Both the lower and upper bound of the plot's axes can be set manually. Unspecified bounds are automatically calculated to fit the data.
Due to the plot's log scale, points are not plotted for features that have 0 reads in one of the compared conditions. Zero-count features will be supported in a future release.
The previous plot type can be extended to group and color differentially expressed features by class.
You can filter which classes are displayed using plot_class_scatter_filter.
If all features have 0 reads for a given class in one of the compared conditions, then that class is omitted from the plot and legend due to the plot's log scale. Zero-count classes will be supported in a future release.
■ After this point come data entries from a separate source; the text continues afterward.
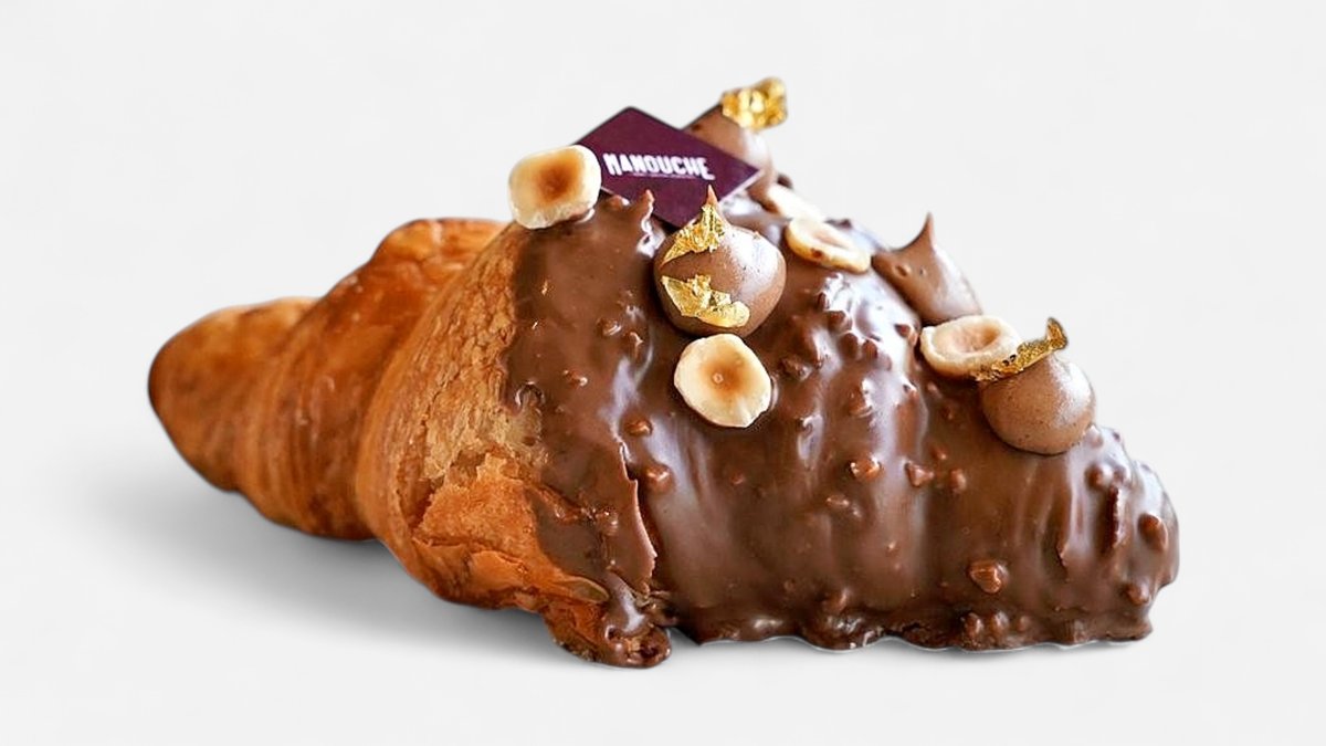 Croissant filled with Nocciola cream & crunchy hazelnut praline, coated in chocolate & hazelnut dip
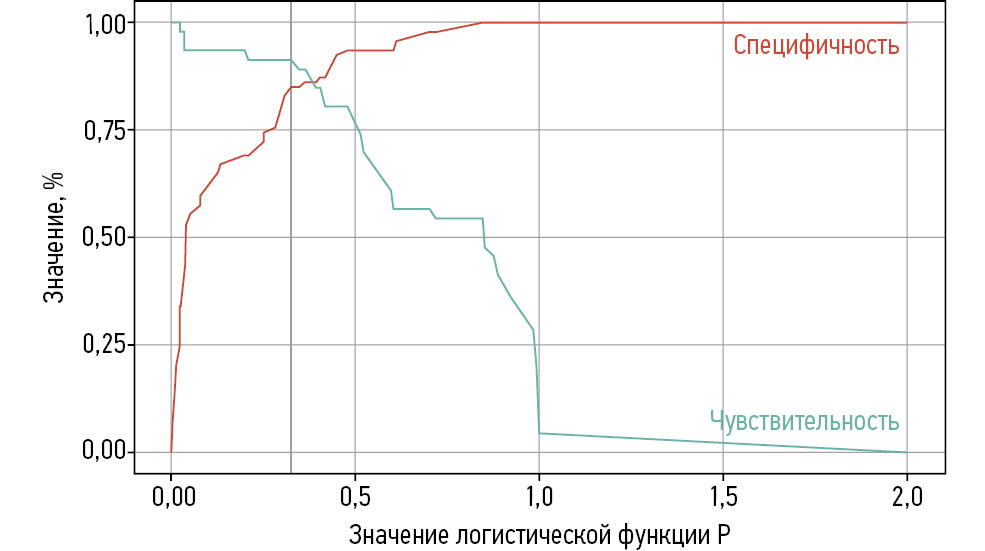 Рис. 3. Анализ чувствительности и специфичности модели в зависимости от пороговых значений логистической функции P.
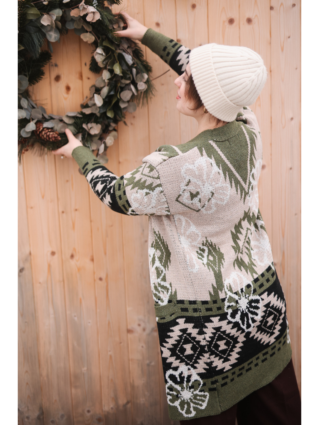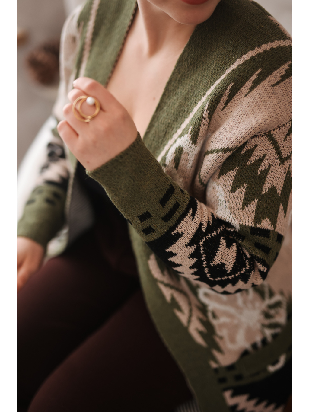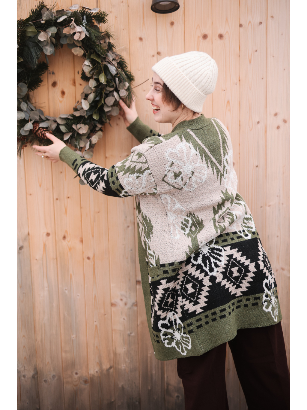Originální vzorovaný kardigan, který nenechá nikoho na pochybách, že právě přišla žena plná inspirující energie a radosti.
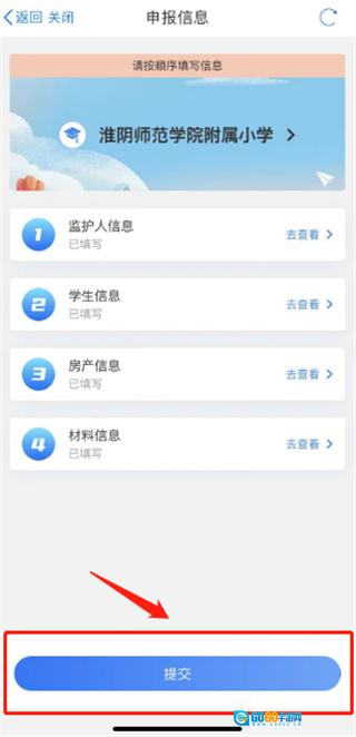 (5)按照系统设定的流程,第一步选择学校,随后依次填报监护人信息、学生信息、房产信息以及材料信息,完成后进行在线提交。
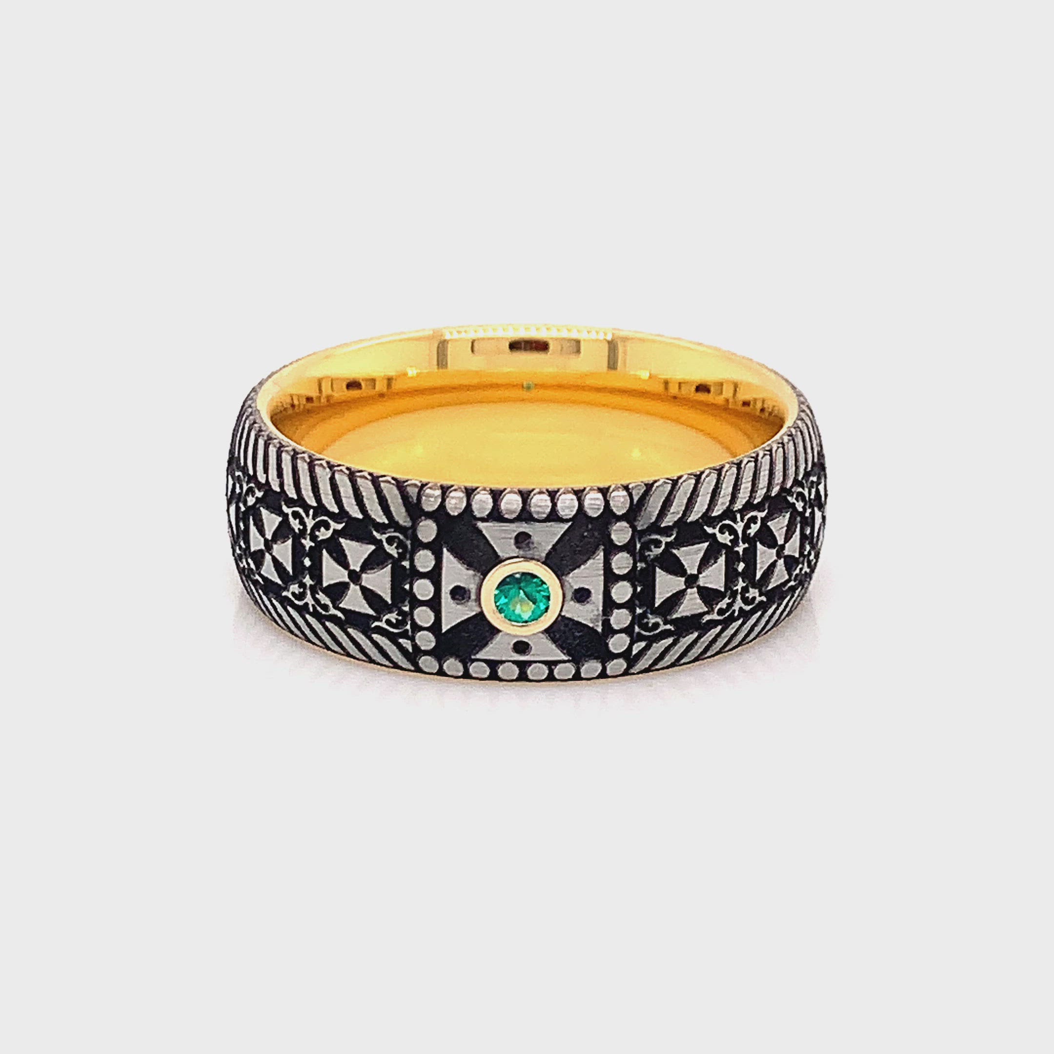 This is a custom made, 8mm, tungsten ring. It is dome in shape, has a brushed exterior, polished yellow gold plated interior. The exterior of the ring features beautiful, detailed engravings of crosses that wrap around the ring. On the edges are a pattern that give the ring depth and dimension. In the center is a bright green round shaped emerald. This style can be worn for many occasions, some of which include: anniversaries, promise rings, birthday gifts, wedding bands...etc.
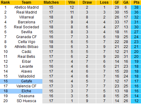 Elche với 16 điểm sau 15 trận đã đấu bị đẩy xuống thứ 3 từ dưới lên, trong khi Getafe chỉ nhiều hơn 1 điểm nhưng cũng nhiều hơn 1 trận xếp ở vị trí thứ 16. Với tương quan như vậy, kinh nghiệm của Getafe đang nhận được đánh giá tích cực hơn.
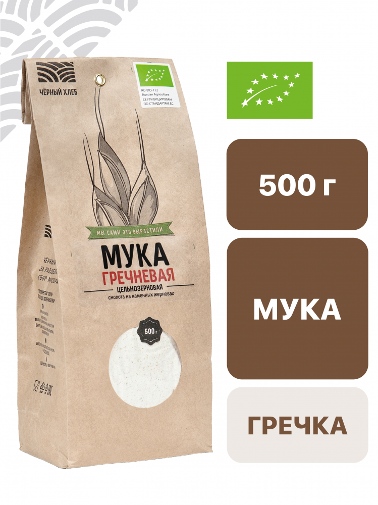 Мука гречневая органическая "Чёрный Хлеб" цельнозерновая БИО, 500 г
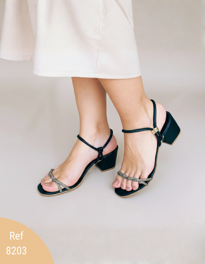 Ref. 9306 Rob preto salto prime 7 cm tira larga strass
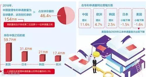显示,中国专利申请数量继续在全球领先。2018年,中国受理专利申请数量为全球最多,达到创纪录的154万件,占全球总量的46.4%,其数量相当于排名第二位至第十一位申请量之和。排在中国之后的是
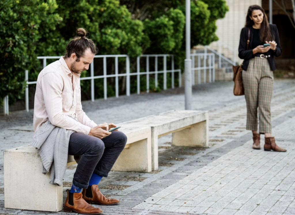 A notification is checked. A message is read. A short scroll fills a gap of a few seconds. Then the screen goes dark again as attention returns to the street.
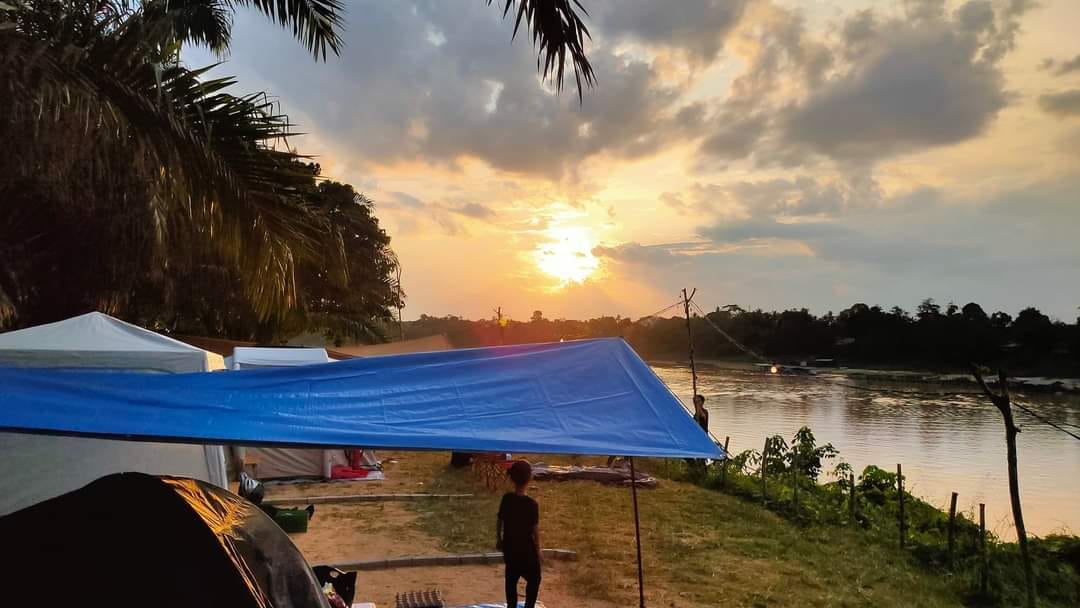Campsite di Temerloh, Pahang. Untuk sewa 4 tapak khemah menghadap sungai Pahang sambil menyaksikan matahari tenggelam yang indah.
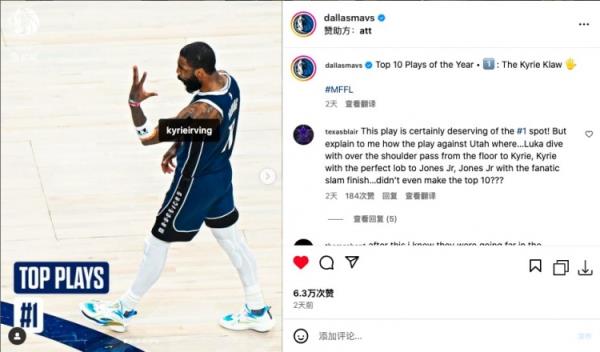 近日独行侠官方评选出了球队23-24赛季十佳球第一位——3月18日,独行侠107-105战胜掘金。欧文最后2.8秒左手超远抛投,球神奇命中压哨绝杀掘金。
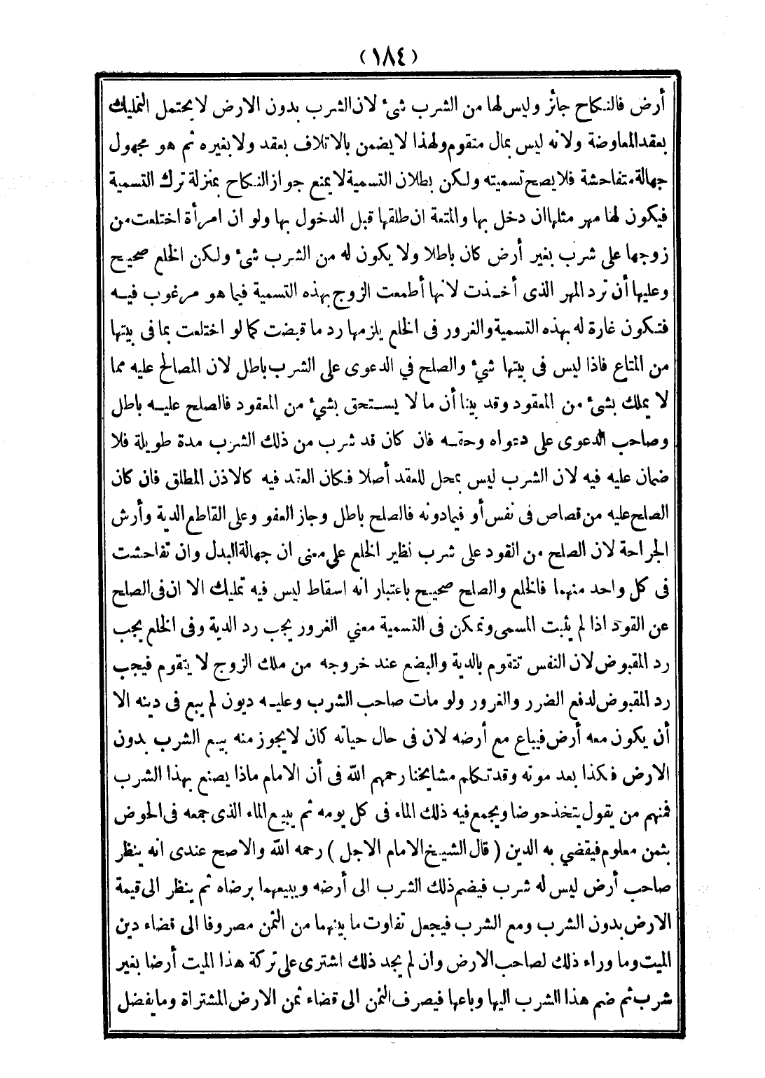 (قَالَ الشَّيْخُ الْإِمَامُ الْأَجَلُّ) - رَحِمَهُ اللَّهُ -، وَالْأَصَحُّ عِنْدِي أَنَّهُ يَنْظُرُ صَاحِبَ أَرْضٍ لَيْسَ لَهُ شِرْبٌ فَيَضُمُّ ذَلِكَ الشِّرْبَ إلَى أَرْضِهِ، وَيَبِيعُهَا بِرِضَاهُ ثُمَّ يَنْظُرُ إلَى قِيمَةِ الْأَرْضِ بِدُونِ الشِّرْبِ، وَمَعَ الشِّرْبِ فَيَجْعَلُ تَفَاوُتَ مَا بَيْنَهُمَا مِنْ الثَّمَنِ مَصْرُوفًا إلَى قَضَاءِ دَيْنِ الْمَيِّتِ، وَمَا، وَرَاءَ ذَلِكَ لِصَاحِبِ الْأَرْضِ، وَإِنْ لَمْ يَجِدْ ذَلِكَ اشْتَرَى عَلَى تَرِكَةِ هَذَا الْمَيِّتِ أَرْضًا بِغَيْرِ شِرْبٍ ثُمَّ ضَمَّ هَذَا الشِّرْبَ إلَيْهَا، وَبَاعَهَا فَيَصْرِفُ الثَّمَنَ إلَى قَضَاءِ ثَمَنِ الْأَرْضِ الْمُشْتَرَاةِ، وَمَا يَفْضُلُ
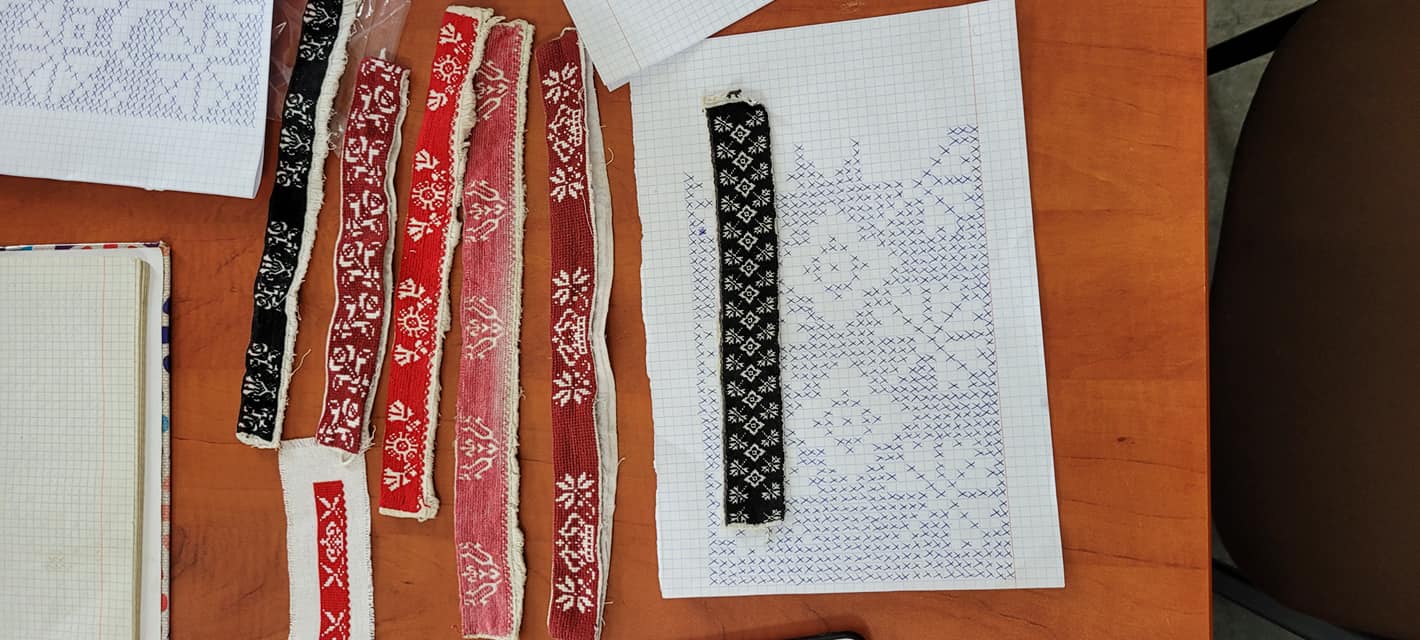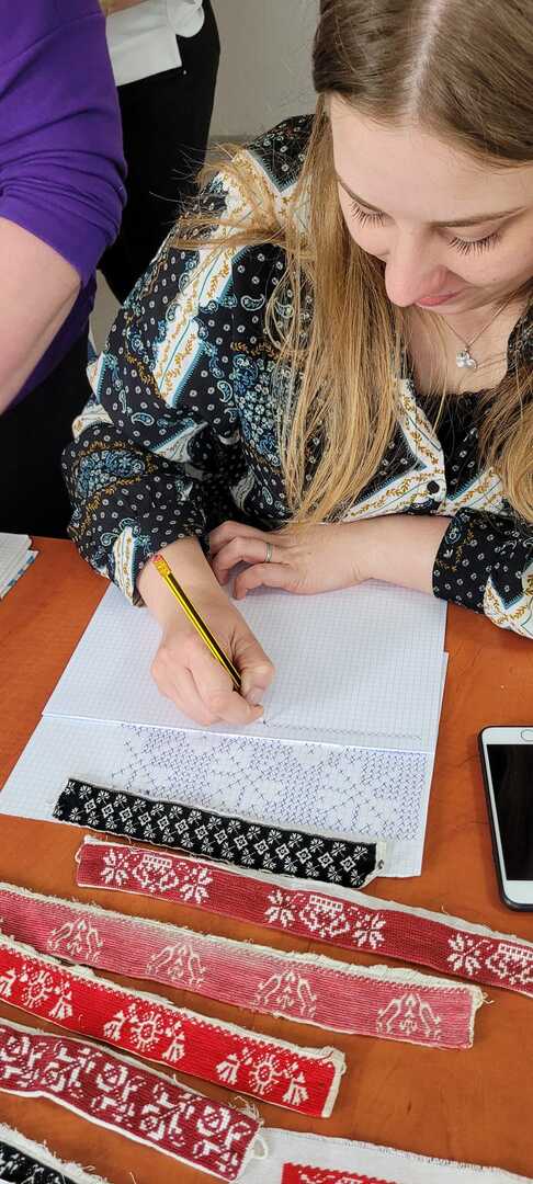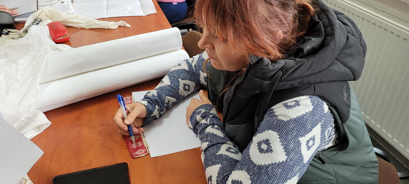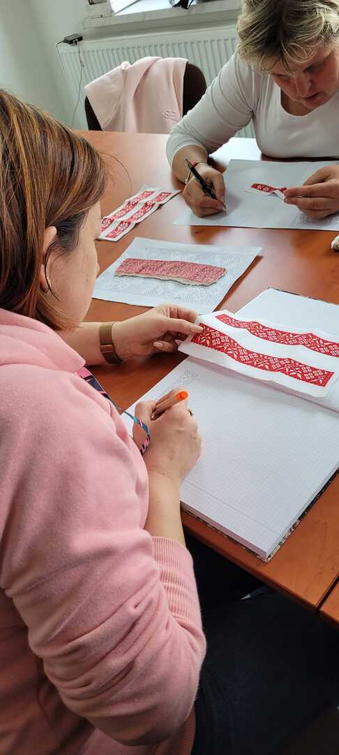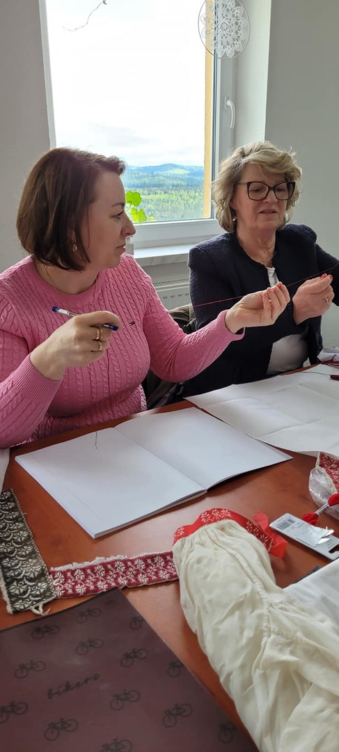Na pierwszych zajęciach uczestniczki miały możliwość zapoznania się z archaicznymi wzorami haftów oraz sposobami ich wykonywania. Umiejętności te będą doskonalone podczas najbliższych spotkań warsztatowych, które prowadzi Katarzyna Suszka

If you find that two groups of interest share proximity and are too similar in color, you can change the group's color with a modified Plot Style Sheet. Group colors are assigned from the axes.prop_cycle
color cycler when there are fewer groups than colors, or from the tab20 colormap when groups outnumber colors. First, the total list of unique classes is gathered from the counts table and sorted, and the resulting list of classes is assigned colors in the order produced by the cycler.
For example, changing the color of the miRNA group in the above plot means changing the 6th color in the axes.prop_cycle
list (assuming all classes are represented in the plot). The P value outgroup is always the same color and doesn't affect the assignment process. See the config file documentation for more info about the Plot Style Sheet.